Newcastle hopes of getting back on track sunk by Watford’s Odion Ighalo
Newcastle 1 - 2 WatfordHome team scorers
Daryl Janmaat 62
Away team scorers
Odion Jude Ighalo 10
Odion Jude Ighalo 28
Steve McClaren likened last Monday’s defeat at West Ham United to a car crash but remained cautiously optimistic that, back behind the wheel again, his Newcastle United players would safely negotiate the hazards strewn across the road by Watford.
The former England coach had clearly not bargained for his team once again forgetting to keep checking their wing and rear-view mirrors. It left the excellent Odion Ighalo and Troy Deeney free to enjoy themselves as Quique Sánchez Flores’s side continued their promising start to Premier League life.
Newcastle, meanwhile, ended the afternoon stuck in a metaphorical ditch. Forced embarrassingly, off the road by their newly promoted visitors they are still to win a League game this term, have scored only three goals and are only being kept off the bottom of the table by virtue of having a marginally better goal difference than Sunderland.
Exhilarating to watch throughout, Ighalo had dragged two extremely inviting chances wide before enjoying a little more luck with his third attempt.

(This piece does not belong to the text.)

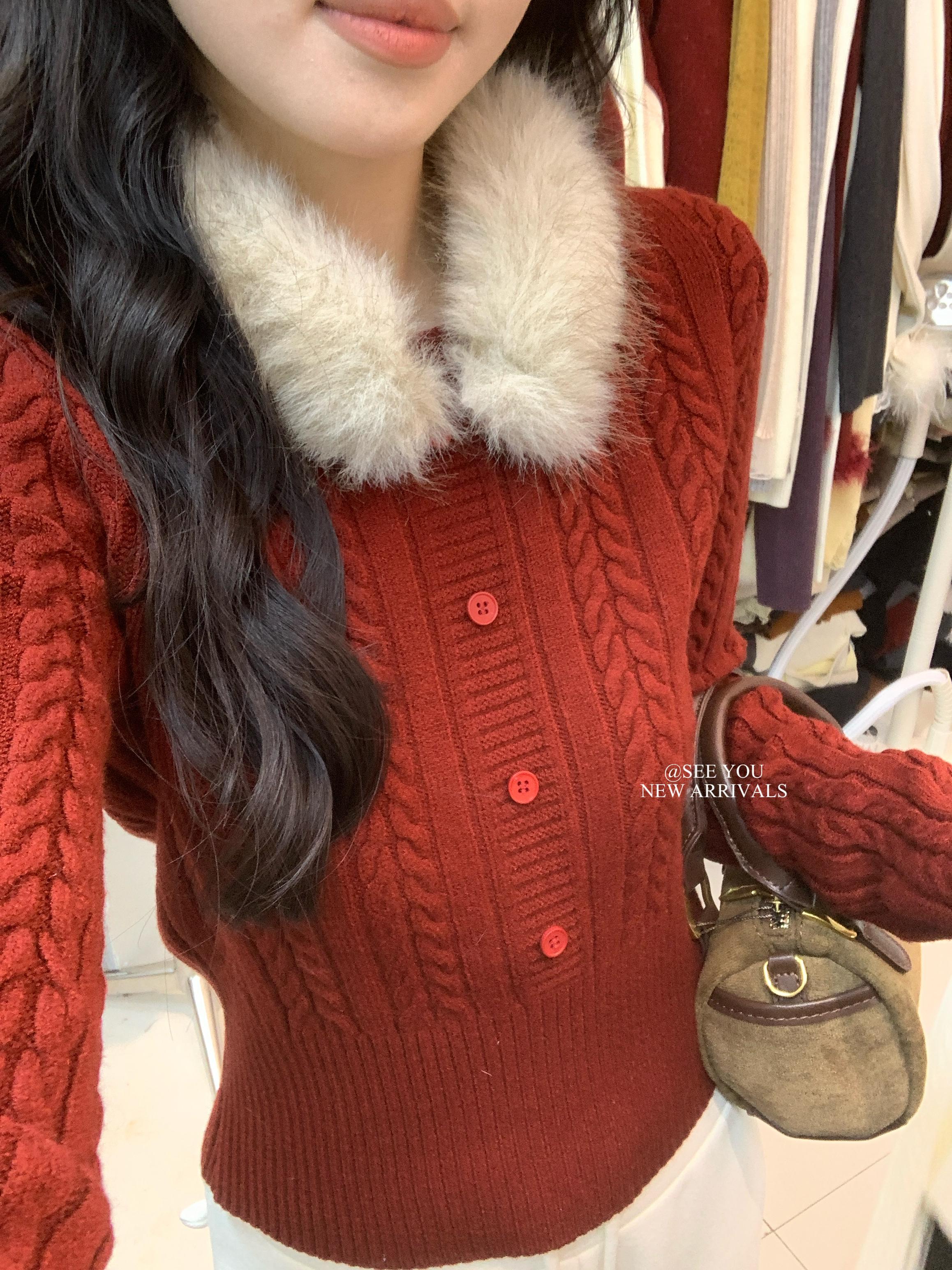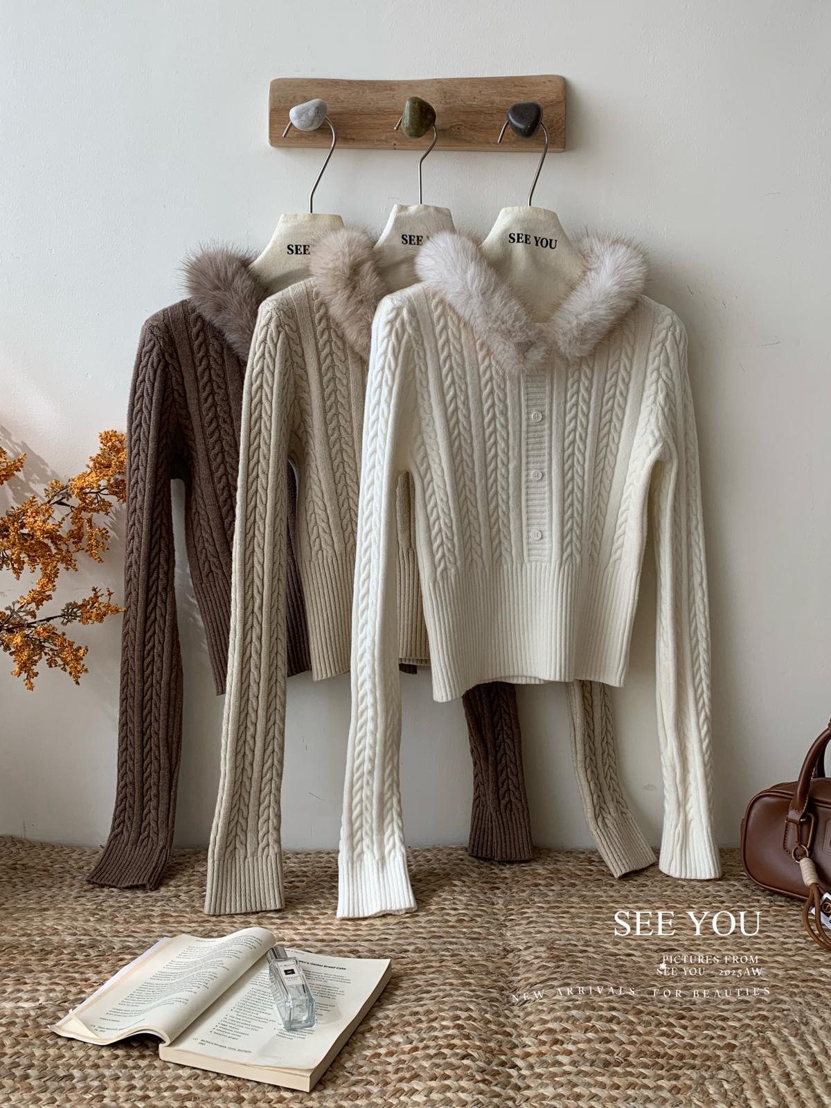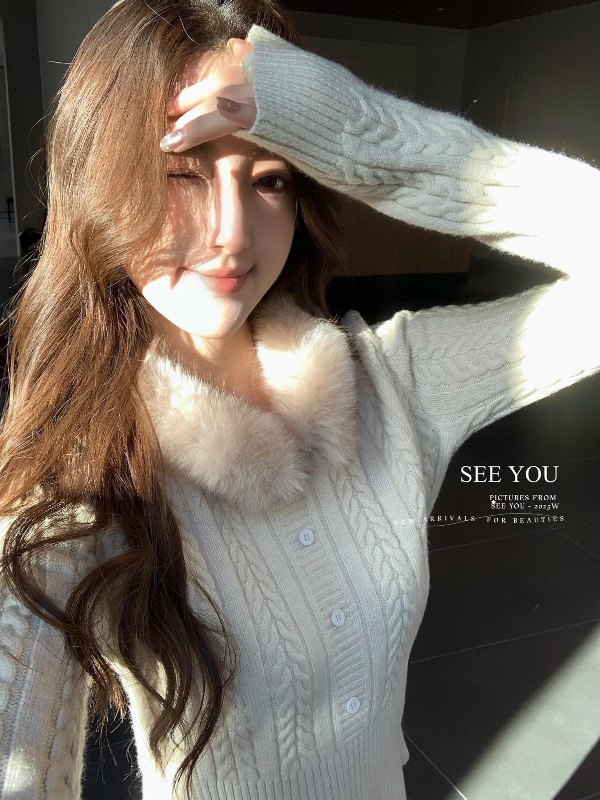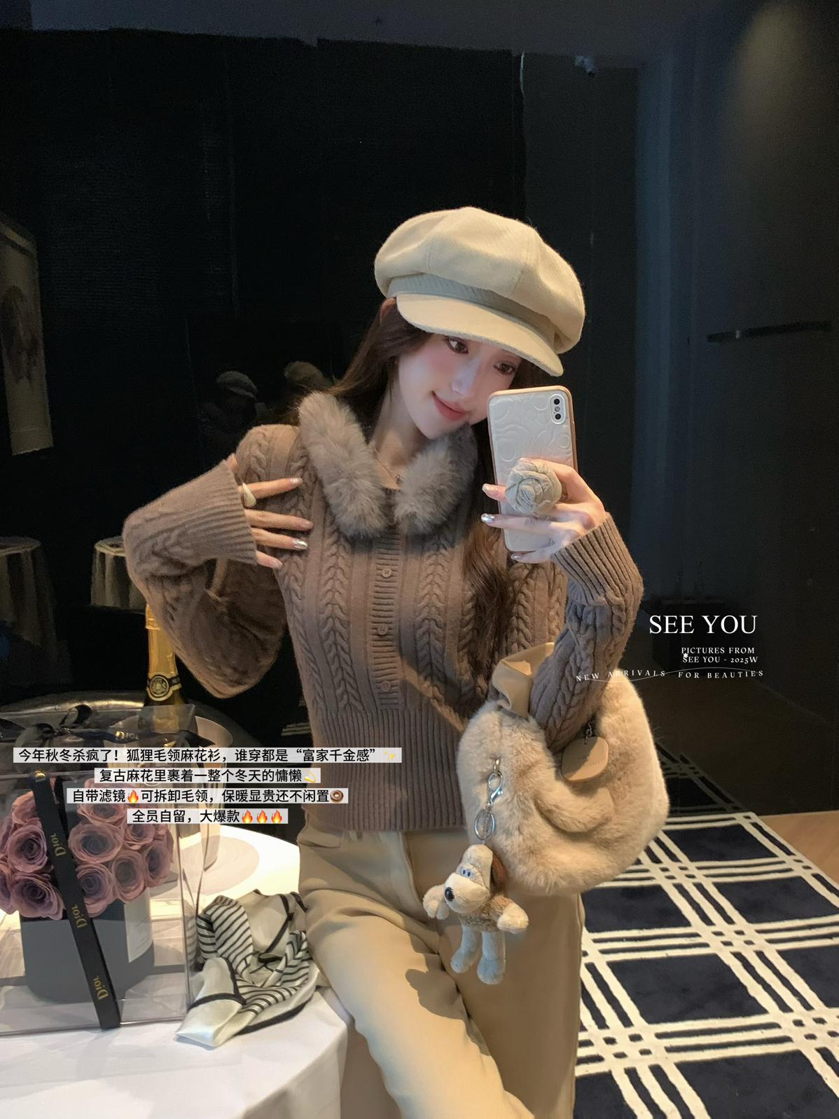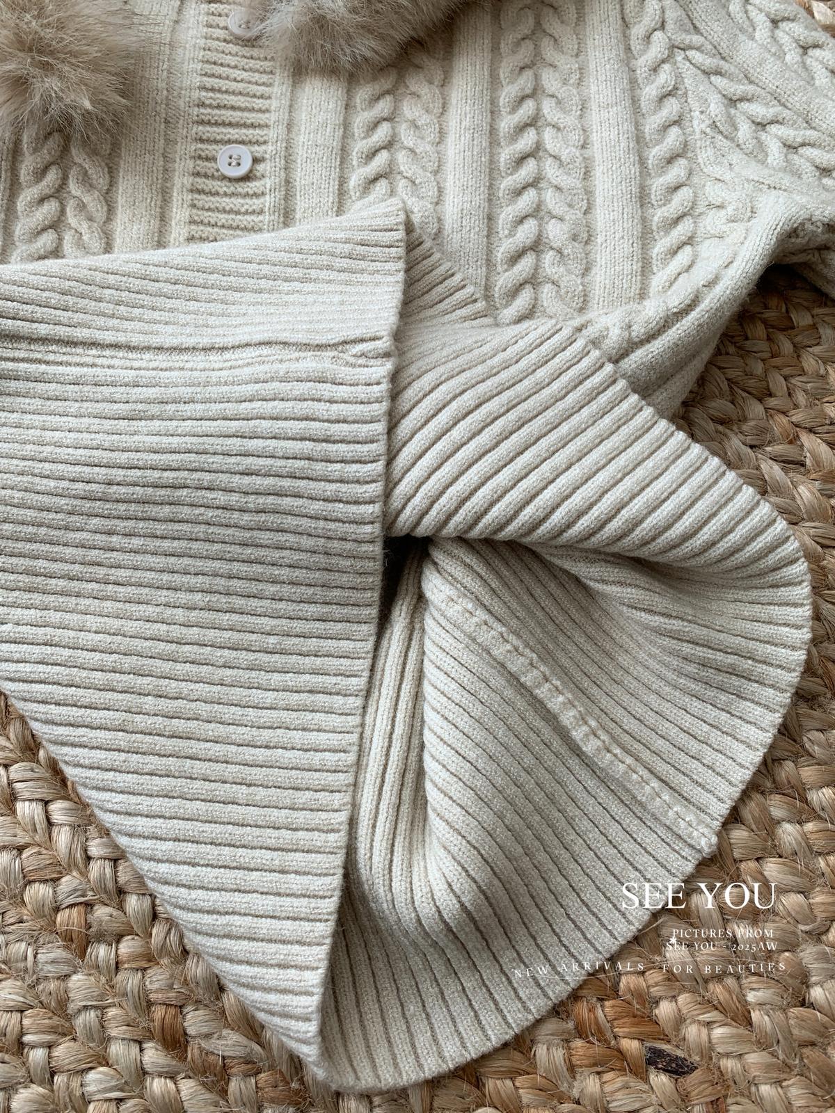 3. 【C8339】大美女出圈 毛毛領顯瘦保暖麻花編織針織毛衣(可拆環保毛領)

When Massadio Haïdara, Newcastle’s left-back, forfeited posession to Almen Abdi, Watford manoeuvred the ball intelligently into area where, this time, Ighalo made no mistake with a shot squeezed just inside an upright. It was the Nigerian striker’s third goal of the season and 19th in 24 League games during 2015.
If Ighalo is on a hot streak, Papisse Cissé continues to endure a distinctly chilly one. McClaren’s Senegal striker missed three excellent first-half openings, the last of which was gloriously created by Moussa Sissoko’s fine through ball.
It did not take too long to realise both defences were vulnerable with Newcastle’s the wobblier in the face of Ighalo and Deeney as Flores’s decision to switch to good old 4-4-2 looked increasingly inspired.
Very quick and extremely athletic, Watford revelled in finding the flaws in McClaren’s remodelled 4-1-4-1 system featuring Jack Colback in a semi-sweeping, anchoring midfield role. It is a job Gus Poyet, his old manager at Sunderland, claimed the undoubtedly talented midfielder was unsuited to and, on this evidence at least, the Uruguayan was not entirely wrong.
In mitigation, Colback’s cause hardly appeared helped by the reality that, in front of him, Gini Wijnaldum, the team’s marquee £14.5m summer signing, drifted through prolonged periods without even touching the ball.
Further back, Fabricio Coloccini was not having one of his better days at centre half and could only watch in horror as Ighalo rounded Tim Krul before directing a right footed shot into the empty net. Watford’s speed of thought and foot was such that Newcastle’s fading captain played like a man wearing blinkers.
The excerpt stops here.